Mayor Bill Peduto to lobby U.S. Senate for vote on gun bills
Pittsburgh Mayor Bill Peduto one month ago challenged the U.S. Senate and the Pennsylvania General Assembly to pass gun regulations within 30 days, including a ban on military-style rifles.
It didn’t happen.
Peduto and mayors from other cities victimized by mass shootings will head to Washington on Monday to confront Senate leaders as they return to work after their August recess.
“We had called on the Senate to reconvene during its recess,” Peduto said. “They chose not to. They go back into session on Monday, and I intend to be there with other mayors whose cities have suffered through mass homicides conducted with assault-type rifles to welcome them back to Washington and to call on the immediate action now that they have returned.”
The mayor and U.S. Rep. Conor Lamb, D-Mt. Lebanon, said in separate interviews Thursday that they want the Senate to vote on bills passed by the House in February. The bills would require background checks on all commercial gun sales and extend by 10 days the amount of time firearms dealers must wait for a response from the background check system before a sale can proceed.
“I think the mayor’s challenge is really issued to Majority Leader Mitch McConnell and the Senate, because those bills have sat on his desk with no action for months,” Lamb said. “We’re trying to get him to take those up as quickly as possible.”
The Kentucky Republican did not act on calls for a special Senate session following recent shootings in Dayton and El Paso, but has said he would call for vote on gun control legislation as long as President Trump supports it. The president recently said that any gun control measures must balance public safety with the Second Amendment.
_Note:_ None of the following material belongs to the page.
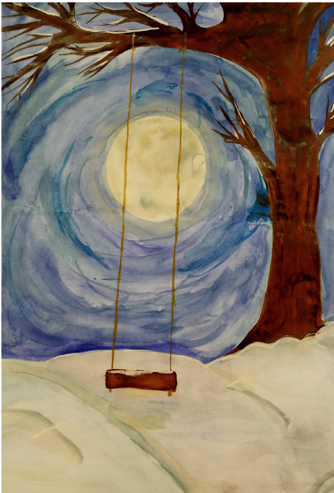
Автор рисунка «Качели»: Стефанцева Анастасия, 6 «Б» класс

Peduto said he plans to meet with U.S. Sen. Pat Toomey, R-Lehigh Valley, who supports universal background checks, to see if they can “find common ground.”
Toomey spokesman Steve Kelly the senator has a “solid working relationship” with Peduto and confirmed the pair would meet next week. The senator told Tribune-Review news partner WPXI-TV on Thursday that there is momentum in Congress to expand background checks and that would be on the “top of his agenda” starting Monday.
“I intend to meet directly with Sen. Toomey, and we’ll be meeting with other leaders in Washington while we’re down there, ” Peduto said. “I have a good relationship with Sen. Toomey and we can talk very openly about things we disagree on and try to find areas where we do agree. I just feel that while I’m down there it would be beneficial to be able to sit down face-to-face and discuss it.”
The mayor said he continues to call for an assault rifle ban.
“I would prefer that, and that would be my hope, but there are two bills sitting in committee right now that nobody is voting on,” he said. “If you’re going to vote them down, vote them down, but vote. Don’t play politics with this. People deserve to see which side they’re on.”